Reputation: 17651
I have an R data frame with the following format:
column1 column2
NA NA
1 A
1 A
1 A
NA NA
NA NA
2 B
2 B
NA NA
NA NA
3 A
3 A
3 A
df = structure(list(column1 = c(NA, 1L, 1L, 1L, NA, NA, 2L, 2L, NA,
NA, 3L, 3L, 3L), column2 = c(NA, "A", "A", "A", NA, NA, "B",
"B", NA, NA, "A", "A", "A")), .Names = c("column1", "column2"
), row.names = c(NA, -13L), class = "data.frame")
If the row in one column has an NA
, the other column has an NA
.
The numerical value in column1
describes a unique group, e.g. rows 2-4 have the group 1
. The column column2
describes the identity of this grouping. In this data frame, the identity is either A
, B
, C
, or D
.
My goal is to tally the number of identities by group within the entire data frame: how many A groups there are, how many B groups, etc.
The correct output for this file (so far) is there are 2 A groups and 1 B group.
How would I calculate this?
At the moment, I would try something like this:
length(df[df$column2 == "B"]) ## outputs 2
but this is incorrect.
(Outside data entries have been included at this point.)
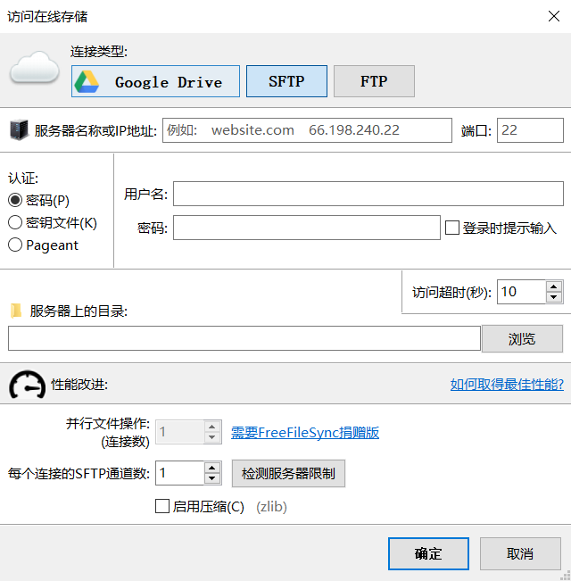 FreeFileSync 还支持 Google Driver、SFTP 和 FTP 三种远程方式进行文件的同步与备份。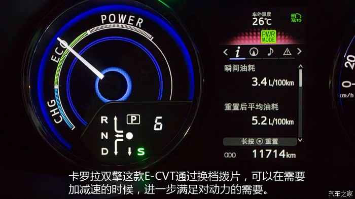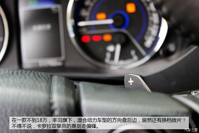 换挡拨片出现在这么一辆配备E-CVT的车型上,多少有点儿让人猝不及防,拨动变速箱档把到S档,居然发现卡罗拉双擎的转速输出可以完全交由驾驶员掌控,只要不拨动升档拨片,它可以一直维持在较高转速而不自作主张的升档。以至于巡航滑行的时候,当遇到需要急加速的时候,我会下意识通过拨片降挡,拉高转速增加动力输出,就像在开一台AT或DCT变速箱那样;而当遇到需要减速的时候,多亏卡罗拉双擎的踏板不是那种”日系贼“,降挡的同时缓收油门,再轻轻踩下制动踏板,利用发动机余下的惯性给电池组充充电。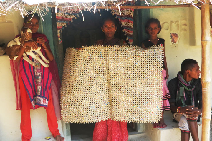 Helping to sell mats made by villagers from waste 'Pan Masala' plastic packets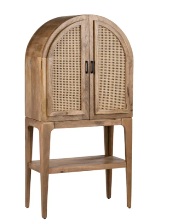 For a proper spot to store your holiday booze, consider this arched cabinet crafted from mango wood. Inside, you’ll find a built-in wine rack that can fit up to five bottles, a glass holder, and two drawers for the rest of your fixings.
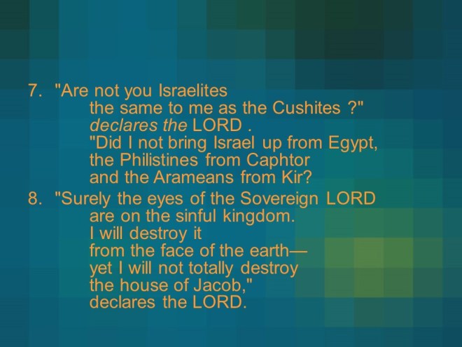 Amos 9, The Destruction of Israel, Israel will be Restored. Amos 9, The Destruction of Israel, Israel will be Restored.

If I combined column1
and column2
, took only unique values 1A, 2B, 3A, I guess I could count how many times each label from column2
occurs?
(If it's easier, I'm happy to use data.table
for this task.)
Upvotes: 2
Views: 4030
Reputation: 1114
If you want to use data.table:
library(data.table)
setDT(df)
d <- df[!is.na(column1), list(n=.N), by=list(column2,column1)]
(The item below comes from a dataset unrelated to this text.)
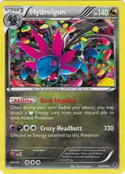 Hydreigon (Japanese: サザンドラ Sazandora) is a Dragon-type Stage 2 Pokémon card. It was first released as part of the Phantom Forces expansion.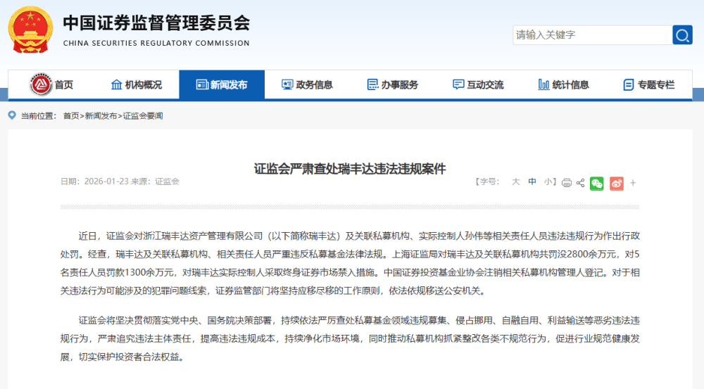 近日,证监会对浙江瑞丰达资产管理有限公司(以下简称瑞丰达)及关联私募机构、实际控制人孙伟等相关责任人员违法违规行为作出行政处罚。经查,瑞丰达及关联私募机构、相关责任人员严重违反私募基金法律法规。上海证监局对瑞丰达及关联私募机构共罚没2800余万元,对5名责任人员罚款1300余万元,对瑞丰达实际控制人采取终身证券市场禁入措施。中国证券投资基金业协会注销相关私募机构管理人登记。对于相关违法行为可能涉及的犯罪问题线索,证券监管部门将坚持应移尽移的工作原则,依法依规移送公安机关。

d <- d[, list(n=.N), by=list(column2)]
d
column2 n
1: A 2
2: B 1
Or more concisely as a one-liner:
setDT(df)[!is.na(column1), .N, by = .(column2, column1)][, .N, by = column2]
Upvotes: 4
Reputation: 66819
You can use rle
for runs and table
for tabulation:
table(rle(df$column2)$values)
# A B
# 2 1
See ?rle
and ?table
for details.
Or, if you want to take advantage of column1
(which is derived from column2
):
table(unique(df)$column2)
Upvotes: 5
Reputation: 4216
The 'dplyr' package has simple functions for this
library(dplyr)
df %>%
filter(complete.cases(.) & !duplicated(.)) %>%
group_by(column2) %>%
summarize(count = n())
Upvotes: 4